(Stored items from a collection)
· · ·
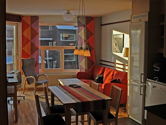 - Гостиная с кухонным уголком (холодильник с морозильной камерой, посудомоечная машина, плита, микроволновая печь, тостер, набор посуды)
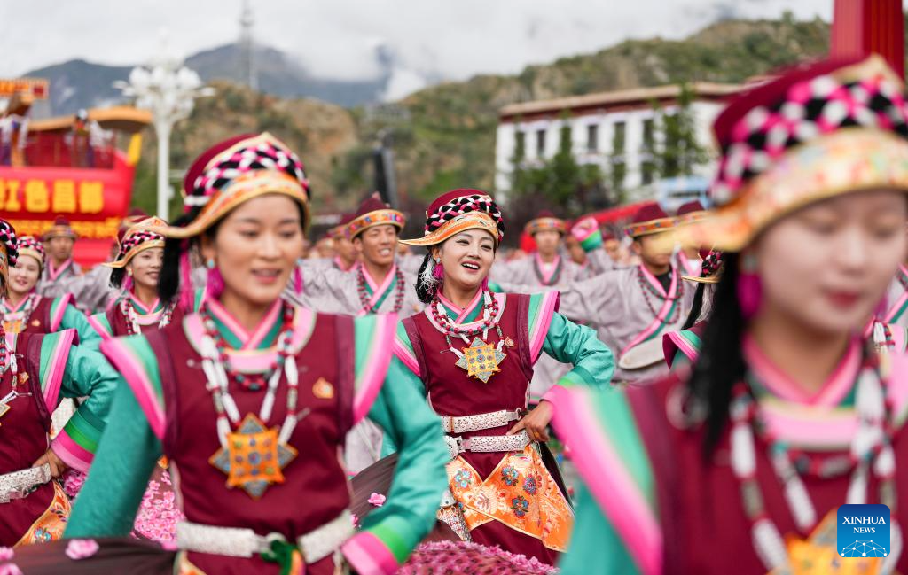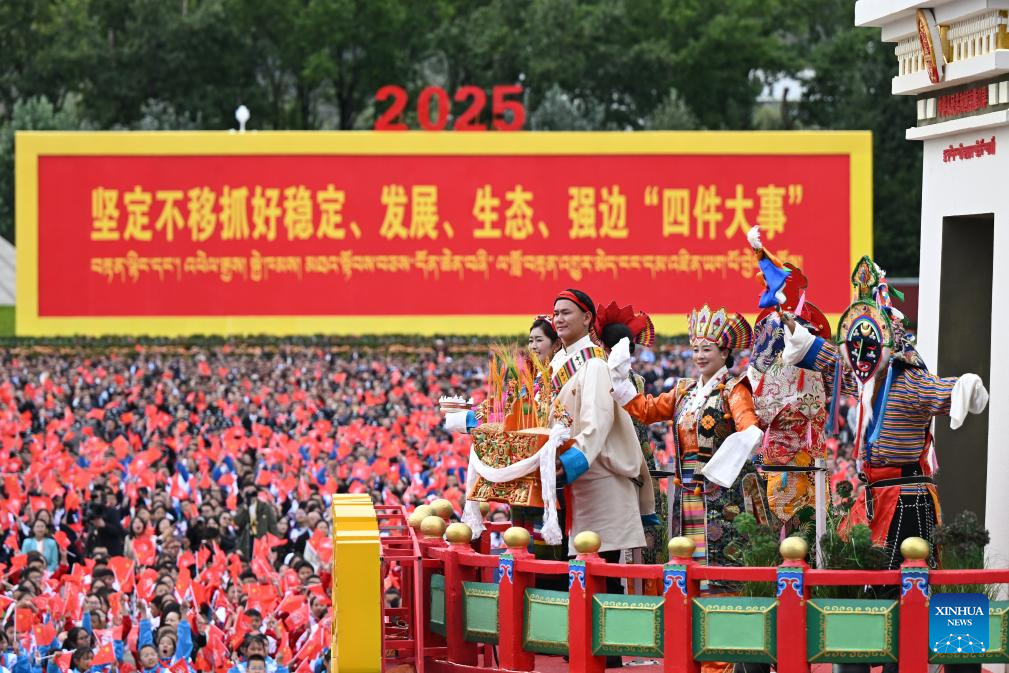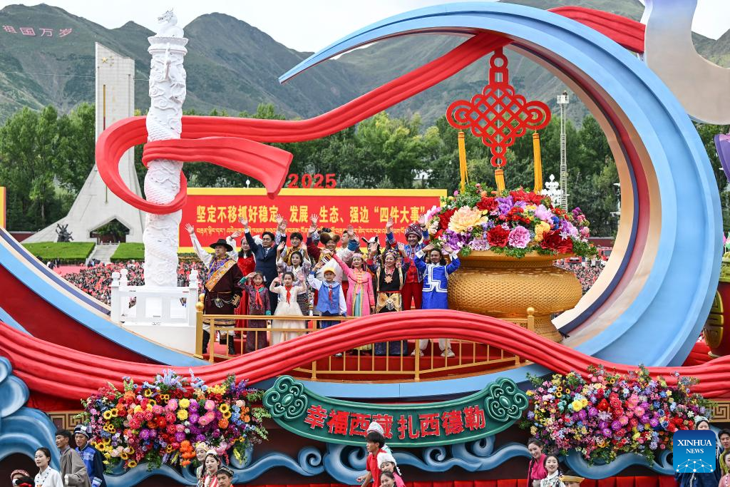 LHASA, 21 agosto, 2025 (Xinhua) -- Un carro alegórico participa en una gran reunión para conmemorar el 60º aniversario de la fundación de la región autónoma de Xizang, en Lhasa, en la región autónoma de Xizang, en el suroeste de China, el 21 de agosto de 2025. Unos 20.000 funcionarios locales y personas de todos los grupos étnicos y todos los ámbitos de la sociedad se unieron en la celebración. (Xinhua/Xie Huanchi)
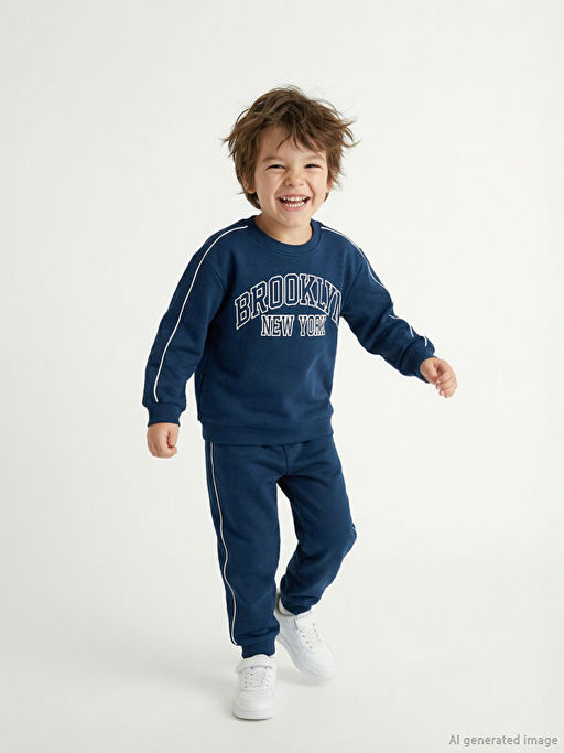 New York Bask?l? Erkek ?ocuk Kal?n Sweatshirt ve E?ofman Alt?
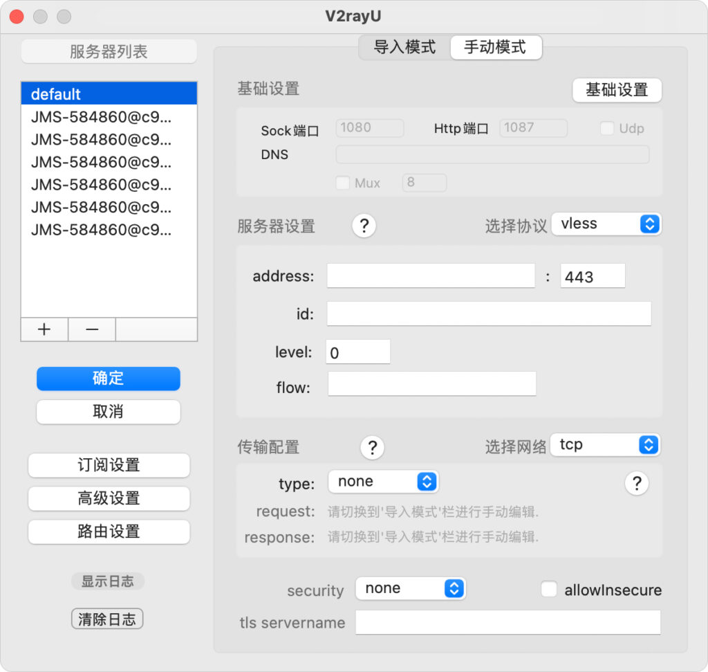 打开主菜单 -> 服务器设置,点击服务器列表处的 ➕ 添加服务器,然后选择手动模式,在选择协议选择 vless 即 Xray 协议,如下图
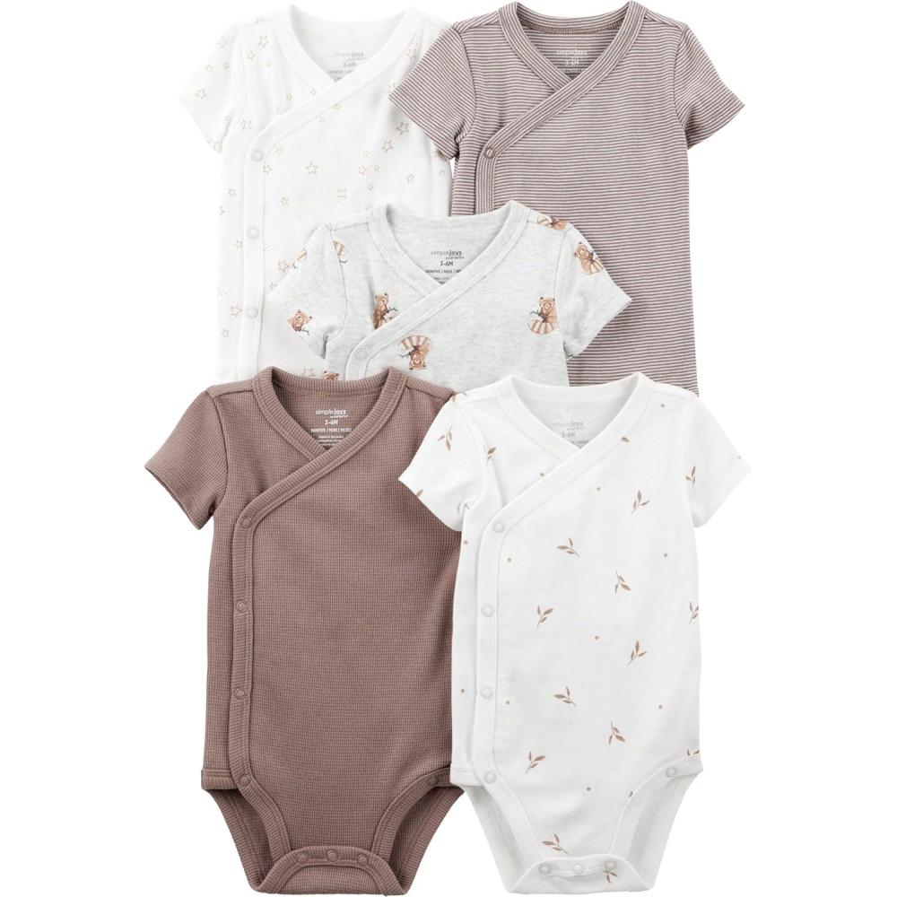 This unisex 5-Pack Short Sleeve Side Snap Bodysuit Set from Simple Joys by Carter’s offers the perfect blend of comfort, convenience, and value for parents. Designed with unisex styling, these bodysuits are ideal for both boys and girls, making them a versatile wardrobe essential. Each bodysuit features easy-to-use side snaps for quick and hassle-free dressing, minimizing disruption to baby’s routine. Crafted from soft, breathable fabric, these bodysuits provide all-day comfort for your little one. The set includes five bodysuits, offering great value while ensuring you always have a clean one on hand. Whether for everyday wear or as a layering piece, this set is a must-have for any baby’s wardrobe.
· · ·
How to complete this task
Only exact lines belong in the answer: those from the beginning of the entries above through the line holding "打开主菜单 -> 服务器设置,点击服务器列表处的", with no pictures.

Answer box
 - Гостиная с кухонным уголком (холодильник с морозильной камерой, посудомоечная машина, плита, микроволновая печь, тостер, набор посуды)
 LHASA, 21 agosto, 2025 (Xinhua) -- Un carro alegórico participa en una gran reunión para conmemorar el 60º aniversario de la fundación de la región autónoma de Xizang, en Lhasa, en la región autónoma de Xizang, en el suroeste de China, el 21 de agosto de 2025. Unos 20.000 funcionarios locales y personas de todos los grupos étnicos y todos los ámbitos de la sociedad se unieron en la celebración. (Xinhua/Xie Huanchi)
 New York Bask?l? Erkek ?ocuk Kal?n Sweatshirt ve E?ofman Alt?
 打开主菜单 -> 服务器设置,点击服务器列表处的 ➕ 添加服务器,然后选择手动模式,在选择协议选择 vless 即 Xray 协议,如下图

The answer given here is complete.